Надюшка отпрянула, раскинула руки. Смеётся мне в удивленье.
– Бабунюшка! Да откуда ты?
– А оттуда, куда сама и провожала.
– А что, ты сбежала?
– А ты почём знаешь?.. Ох, тебя на кривой козе не обскачешь. Ты у меня знаешь, почём ходит двугривенный.
– Гм... Когда я была у тебя в последний раз, я спрашивала доктора...
– О, доставучая моя девонька-жох, – перебила в похвальбе. – С самим имела совет!
– Имела... Я спросила. Доктор и скажи, что выпишет точно, как из пушки, во вторник. Вот послезавтра будет.
– Видишь... Доктор предполагает, а Анна Фёдоровна располагает! – в пылу набиваю себе ценушку.
Ну совсем раскуражилась дома бабайка.
– Бабунечка... – От досады Надя хрустнула пальцами. – Да знаешь, ты все мои планы... Ну... Кверх тормашками!
– Не велик наклад. Сейчас снова вниз кармашками поставим... Что там такое хитростное?
– А то, что отпросилась я от вторниковых занятий. Наладилась, ерикимаморики, за тобой ехать.
– Вот только этого-то, – плеснула я руками, – мне и не хватало! Ты поехала б, а свои – тоже сюда клади! – а свои в Оренбурге отстали б, что ли? Да они б там на тот вторник, поди, самоличный аэроплан заказали б везти в Жёлтое вот эту даму из Амстердама! – тычу в себя. – А надо мне это – а чтоб его черти горячим дёгтем окатили! – как карасю зонтик. Этот ручку подал, тот ножкой шаркнул... Да на что ж мне такая бесплатная комедь! Нешь я покойница, что навкруг меня будет шалопайничать целый табун охальщиков да ахальщиков?
Живой ходи без подпорок! А я живая. Вот я своим ходом и пустилась до поры, абы не сцапала меня в полон сердобольщиков рать... Правда, доктор для порядка чуток поманежил, покрутил носопыркой. Торочит:
«Вообще-то вам не повредит побыть до вторника».
А я ему и резани, понапрасну бабка рот ширить не станет:
«А я не солдат, чтоб отбывать минута в минуту. Вижу по лицу, вы думаете про меня: тупидзе тот поп, что крестил, да забыл утопить. Думайте так. Я на вас за то сердца не держу. Только и вы меня не держите. Знаю я себя лучше, чем вы. Чувствую я себя дай Бог каждому так себя чувствовать. Так что давайте по-доброму раскланяемся в воскресенье!»

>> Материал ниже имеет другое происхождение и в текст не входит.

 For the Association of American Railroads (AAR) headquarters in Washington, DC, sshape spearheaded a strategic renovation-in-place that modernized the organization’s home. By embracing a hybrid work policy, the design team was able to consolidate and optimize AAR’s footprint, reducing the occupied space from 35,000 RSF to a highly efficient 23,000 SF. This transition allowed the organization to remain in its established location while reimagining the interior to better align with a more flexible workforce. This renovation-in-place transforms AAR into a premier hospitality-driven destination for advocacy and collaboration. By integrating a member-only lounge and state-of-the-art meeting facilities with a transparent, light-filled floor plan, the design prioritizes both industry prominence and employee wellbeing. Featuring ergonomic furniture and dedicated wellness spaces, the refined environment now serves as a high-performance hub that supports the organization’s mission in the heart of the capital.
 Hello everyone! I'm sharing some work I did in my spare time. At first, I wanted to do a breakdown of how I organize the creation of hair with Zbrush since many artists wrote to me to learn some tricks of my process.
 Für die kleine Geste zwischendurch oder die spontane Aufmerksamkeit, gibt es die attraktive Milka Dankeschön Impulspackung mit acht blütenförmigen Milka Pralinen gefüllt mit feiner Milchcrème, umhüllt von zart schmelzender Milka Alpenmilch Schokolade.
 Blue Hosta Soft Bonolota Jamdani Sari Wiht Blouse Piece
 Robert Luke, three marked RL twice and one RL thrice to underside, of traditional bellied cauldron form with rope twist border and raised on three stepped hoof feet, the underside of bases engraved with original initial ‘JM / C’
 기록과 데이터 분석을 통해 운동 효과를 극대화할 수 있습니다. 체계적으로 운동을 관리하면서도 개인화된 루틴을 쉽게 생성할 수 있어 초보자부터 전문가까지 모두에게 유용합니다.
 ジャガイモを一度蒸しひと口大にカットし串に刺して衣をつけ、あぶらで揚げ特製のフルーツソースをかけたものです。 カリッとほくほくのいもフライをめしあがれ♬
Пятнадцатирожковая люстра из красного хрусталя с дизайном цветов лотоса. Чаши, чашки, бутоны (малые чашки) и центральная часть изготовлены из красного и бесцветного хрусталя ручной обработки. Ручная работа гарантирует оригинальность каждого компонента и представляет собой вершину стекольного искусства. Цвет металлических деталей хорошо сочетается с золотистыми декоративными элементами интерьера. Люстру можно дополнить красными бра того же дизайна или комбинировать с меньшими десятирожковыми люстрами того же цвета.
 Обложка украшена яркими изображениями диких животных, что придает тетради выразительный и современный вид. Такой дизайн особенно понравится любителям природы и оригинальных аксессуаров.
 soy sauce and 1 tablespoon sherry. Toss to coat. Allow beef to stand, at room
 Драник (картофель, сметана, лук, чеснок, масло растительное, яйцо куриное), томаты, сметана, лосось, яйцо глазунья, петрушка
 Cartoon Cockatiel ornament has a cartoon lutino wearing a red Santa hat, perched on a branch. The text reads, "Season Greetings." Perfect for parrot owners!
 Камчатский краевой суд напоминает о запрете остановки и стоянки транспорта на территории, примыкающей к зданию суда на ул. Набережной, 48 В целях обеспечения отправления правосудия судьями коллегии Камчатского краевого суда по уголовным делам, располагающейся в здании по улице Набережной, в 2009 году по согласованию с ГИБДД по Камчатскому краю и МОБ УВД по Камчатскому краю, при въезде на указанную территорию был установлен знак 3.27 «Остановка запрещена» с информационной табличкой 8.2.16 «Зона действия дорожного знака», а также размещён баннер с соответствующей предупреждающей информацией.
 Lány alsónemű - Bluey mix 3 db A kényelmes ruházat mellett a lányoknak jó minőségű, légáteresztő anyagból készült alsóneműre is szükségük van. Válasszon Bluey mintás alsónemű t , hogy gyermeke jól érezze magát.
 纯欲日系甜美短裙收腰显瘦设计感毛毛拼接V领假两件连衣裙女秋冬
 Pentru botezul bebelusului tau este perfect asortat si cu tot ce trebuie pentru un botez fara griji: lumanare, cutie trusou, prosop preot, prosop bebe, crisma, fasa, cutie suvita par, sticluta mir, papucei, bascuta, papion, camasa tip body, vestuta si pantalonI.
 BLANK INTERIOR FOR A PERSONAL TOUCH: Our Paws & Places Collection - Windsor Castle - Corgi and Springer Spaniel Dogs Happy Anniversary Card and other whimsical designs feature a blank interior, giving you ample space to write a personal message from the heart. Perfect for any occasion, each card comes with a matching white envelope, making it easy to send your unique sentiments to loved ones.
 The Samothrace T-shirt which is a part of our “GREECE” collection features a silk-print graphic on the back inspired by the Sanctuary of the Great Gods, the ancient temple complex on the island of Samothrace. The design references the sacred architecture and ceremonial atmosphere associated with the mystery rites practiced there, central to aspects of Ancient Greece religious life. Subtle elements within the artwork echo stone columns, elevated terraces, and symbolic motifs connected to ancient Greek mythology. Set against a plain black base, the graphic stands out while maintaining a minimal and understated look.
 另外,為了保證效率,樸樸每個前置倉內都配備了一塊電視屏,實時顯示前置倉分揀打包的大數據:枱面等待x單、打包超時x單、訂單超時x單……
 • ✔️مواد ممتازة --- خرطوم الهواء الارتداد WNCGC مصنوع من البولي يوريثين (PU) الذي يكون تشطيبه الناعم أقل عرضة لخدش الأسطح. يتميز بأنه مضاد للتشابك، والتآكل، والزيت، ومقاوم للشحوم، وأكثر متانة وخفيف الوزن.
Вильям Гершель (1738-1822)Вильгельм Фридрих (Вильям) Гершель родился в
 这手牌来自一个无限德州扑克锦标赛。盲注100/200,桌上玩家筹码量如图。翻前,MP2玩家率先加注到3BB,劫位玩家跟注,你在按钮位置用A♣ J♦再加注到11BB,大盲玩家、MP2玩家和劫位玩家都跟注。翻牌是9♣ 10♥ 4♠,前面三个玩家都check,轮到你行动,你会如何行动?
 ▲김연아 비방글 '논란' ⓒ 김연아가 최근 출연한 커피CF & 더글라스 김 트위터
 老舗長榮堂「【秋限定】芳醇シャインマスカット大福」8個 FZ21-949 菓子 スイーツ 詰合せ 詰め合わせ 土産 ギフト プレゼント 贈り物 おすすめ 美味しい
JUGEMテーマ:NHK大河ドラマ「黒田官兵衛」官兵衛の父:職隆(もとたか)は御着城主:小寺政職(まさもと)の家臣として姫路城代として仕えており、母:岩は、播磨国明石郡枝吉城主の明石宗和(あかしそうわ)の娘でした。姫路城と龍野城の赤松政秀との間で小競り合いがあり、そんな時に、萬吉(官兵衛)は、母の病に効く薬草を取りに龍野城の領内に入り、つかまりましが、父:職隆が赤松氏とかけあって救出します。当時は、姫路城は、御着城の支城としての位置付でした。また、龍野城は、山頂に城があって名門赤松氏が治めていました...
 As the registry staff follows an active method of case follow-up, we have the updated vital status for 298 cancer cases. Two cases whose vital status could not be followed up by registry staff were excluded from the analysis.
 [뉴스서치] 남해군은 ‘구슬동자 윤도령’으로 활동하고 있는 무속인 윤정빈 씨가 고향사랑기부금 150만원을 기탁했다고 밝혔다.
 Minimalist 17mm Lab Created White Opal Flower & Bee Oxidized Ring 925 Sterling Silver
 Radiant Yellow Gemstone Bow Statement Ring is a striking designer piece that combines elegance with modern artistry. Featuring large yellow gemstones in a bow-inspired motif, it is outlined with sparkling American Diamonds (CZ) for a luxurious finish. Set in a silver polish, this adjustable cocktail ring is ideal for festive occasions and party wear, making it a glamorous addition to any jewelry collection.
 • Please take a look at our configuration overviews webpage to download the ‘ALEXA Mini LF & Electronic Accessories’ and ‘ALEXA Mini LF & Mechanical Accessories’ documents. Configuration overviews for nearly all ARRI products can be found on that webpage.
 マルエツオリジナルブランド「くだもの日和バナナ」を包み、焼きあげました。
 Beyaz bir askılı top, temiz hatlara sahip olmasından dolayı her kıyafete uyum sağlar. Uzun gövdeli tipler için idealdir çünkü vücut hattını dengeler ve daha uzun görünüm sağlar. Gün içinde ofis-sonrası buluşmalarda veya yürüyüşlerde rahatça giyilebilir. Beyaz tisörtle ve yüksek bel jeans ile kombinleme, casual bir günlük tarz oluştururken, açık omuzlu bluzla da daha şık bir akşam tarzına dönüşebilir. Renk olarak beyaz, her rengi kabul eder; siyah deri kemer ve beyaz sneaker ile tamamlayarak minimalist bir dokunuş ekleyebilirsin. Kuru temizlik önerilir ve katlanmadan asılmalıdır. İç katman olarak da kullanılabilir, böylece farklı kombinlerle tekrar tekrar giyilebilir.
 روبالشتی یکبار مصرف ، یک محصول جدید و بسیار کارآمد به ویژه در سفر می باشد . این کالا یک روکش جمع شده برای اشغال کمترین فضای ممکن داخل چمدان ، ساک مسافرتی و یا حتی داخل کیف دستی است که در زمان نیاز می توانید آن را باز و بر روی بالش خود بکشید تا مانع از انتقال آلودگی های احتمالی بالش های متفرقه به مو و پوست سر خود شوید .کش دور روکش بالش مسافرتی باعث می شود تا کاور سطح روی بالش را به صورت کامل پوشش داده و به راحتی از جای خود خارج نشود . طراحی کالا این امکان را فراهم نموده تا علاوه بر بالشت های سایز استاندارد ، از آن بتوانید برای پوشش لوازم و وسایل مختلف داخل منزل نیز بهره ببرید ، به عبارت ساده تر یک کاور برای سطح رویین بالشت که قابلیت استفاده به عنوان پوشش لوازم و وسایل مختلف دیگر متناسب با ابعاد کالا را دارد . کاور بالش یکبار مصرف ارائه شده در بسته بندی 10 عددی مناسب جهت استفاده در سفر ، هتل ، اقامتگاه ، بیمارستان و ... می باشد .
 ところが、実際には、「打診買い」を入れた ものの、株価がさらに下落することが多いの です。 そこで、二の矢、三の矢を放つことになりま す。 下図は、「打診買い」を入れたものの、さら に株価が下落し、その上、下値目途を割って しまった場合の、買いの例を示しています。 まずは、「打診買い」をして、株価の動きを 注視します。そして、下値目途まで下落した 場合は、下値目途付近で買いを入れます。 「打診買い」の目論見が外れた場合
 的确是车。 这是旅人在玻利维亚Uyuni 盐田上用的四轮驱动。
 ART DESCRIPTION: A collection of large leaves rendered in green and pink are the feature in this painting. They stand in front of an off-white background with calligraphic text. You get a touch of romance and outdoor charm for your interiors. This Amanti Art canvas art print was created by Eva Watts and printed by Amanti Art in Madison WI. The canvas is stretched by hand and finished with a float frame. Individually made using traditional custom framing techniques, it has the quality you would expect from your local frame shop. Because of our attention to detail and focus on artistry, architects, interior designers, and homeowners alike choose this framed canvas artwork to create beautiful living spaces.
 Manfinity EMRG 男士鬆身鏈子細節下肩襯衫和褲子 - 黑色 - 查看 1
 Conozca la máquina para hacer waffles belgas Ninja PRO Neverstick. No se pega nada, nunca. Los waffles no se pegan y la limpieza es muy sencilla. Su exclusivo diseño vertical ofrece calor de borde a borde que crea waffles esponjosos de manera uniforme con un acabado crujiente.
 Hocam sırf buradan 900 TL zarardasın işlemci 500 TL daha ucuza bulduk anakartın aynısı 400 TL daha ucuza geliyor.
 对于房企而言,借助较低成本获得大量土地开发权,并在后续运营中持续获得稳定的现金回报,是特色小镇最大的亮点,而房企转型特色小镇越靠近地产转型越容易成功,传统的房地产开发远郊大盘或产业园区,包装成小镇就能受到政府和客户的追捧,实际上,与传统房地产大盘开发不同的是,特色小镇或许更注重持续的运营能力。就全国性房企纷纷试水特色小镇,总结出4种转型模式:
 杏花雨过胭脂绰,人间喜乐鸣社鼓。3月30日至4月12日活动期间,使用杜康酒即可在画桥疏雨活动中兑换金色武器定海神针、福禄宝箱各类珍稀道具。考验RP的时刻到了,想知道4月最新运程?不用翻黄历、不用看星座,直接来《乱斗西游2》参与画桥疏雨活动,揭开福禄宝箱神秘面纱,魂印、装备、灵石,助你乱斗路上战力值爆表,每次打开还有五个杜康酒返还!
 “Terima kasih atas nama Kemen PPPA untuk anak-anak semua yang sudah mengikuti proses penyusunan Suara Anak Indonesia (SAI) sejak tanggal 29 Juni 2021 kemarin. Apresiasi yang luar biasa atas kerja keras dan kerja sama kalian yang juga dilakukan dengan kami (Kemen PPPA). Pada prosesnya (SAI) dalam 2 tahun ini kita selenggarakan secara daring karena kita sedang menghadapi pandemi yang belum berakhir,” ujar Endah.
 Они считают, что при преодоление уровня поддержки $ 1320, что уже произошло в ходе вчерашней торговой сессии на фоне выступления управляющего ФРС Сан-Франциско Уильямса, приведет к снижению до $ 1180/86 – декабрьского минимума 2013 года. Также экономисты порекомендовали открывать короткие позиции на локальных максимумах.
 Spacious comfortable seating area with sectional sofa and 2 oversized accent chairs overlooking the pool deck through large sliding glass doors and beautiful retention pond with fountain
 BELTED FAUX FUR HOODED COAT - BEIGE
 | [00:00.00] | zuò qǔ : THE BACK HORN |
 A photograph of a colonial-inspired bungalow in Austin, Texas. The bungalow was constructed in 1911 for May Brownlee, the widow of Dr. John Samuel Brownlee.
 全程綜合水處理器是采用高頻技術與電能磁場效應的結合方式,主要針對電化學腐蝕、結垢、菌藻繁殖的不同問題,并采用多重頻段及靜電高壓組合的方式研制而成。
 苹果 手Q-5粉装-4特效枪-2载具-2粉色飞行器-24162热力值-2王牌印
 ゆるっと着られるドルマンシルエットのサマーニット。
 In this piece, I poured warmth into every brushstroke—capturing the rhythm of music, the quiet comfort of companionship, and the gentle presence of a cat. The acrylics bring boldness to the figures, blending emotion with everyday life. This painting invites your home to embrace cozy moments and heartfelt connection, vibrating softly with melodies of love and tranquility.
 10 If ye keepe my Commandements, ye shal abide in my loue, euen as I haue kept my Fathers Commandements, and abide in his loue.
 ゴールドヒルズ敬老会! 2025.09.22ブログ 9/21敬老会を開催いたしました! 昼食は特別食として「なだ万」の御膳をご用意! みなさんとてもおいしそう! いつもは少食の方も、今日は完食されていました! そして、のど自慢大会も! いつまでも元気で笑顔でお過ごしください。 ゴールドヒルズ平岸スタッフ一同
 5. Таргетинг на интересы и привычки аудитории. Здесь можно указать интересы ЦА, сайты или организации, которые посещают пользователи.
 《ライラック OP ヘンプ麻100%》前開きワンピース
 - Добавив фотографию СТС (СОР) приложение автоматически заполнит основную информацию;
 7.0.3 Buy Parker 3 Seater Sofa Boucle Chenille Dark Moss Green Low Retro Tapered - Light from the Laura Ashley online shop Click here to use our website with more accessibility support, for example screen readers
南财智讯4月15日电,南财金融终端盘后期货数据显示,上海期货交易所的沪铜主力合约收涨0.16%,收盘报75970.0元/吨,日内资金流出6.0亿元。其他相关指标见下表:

– Прямо не верится... Вернулась... – сражённо прошептала Надюшка. – И слава богу!
– Да нет, Надюшка. В строку ладь другого. Слава вот ему.
Я достала из сумки платок. Серебристо-серый, узорчатый.
Встряхнула.
Он пушистым облаком лёг на стол.
Надюшка прикоснулась к платку.
Её рука потонула в нежной прохладе.
– А ты что, в больнице вязала? – хлопает белыми ресничками Надюшка моя.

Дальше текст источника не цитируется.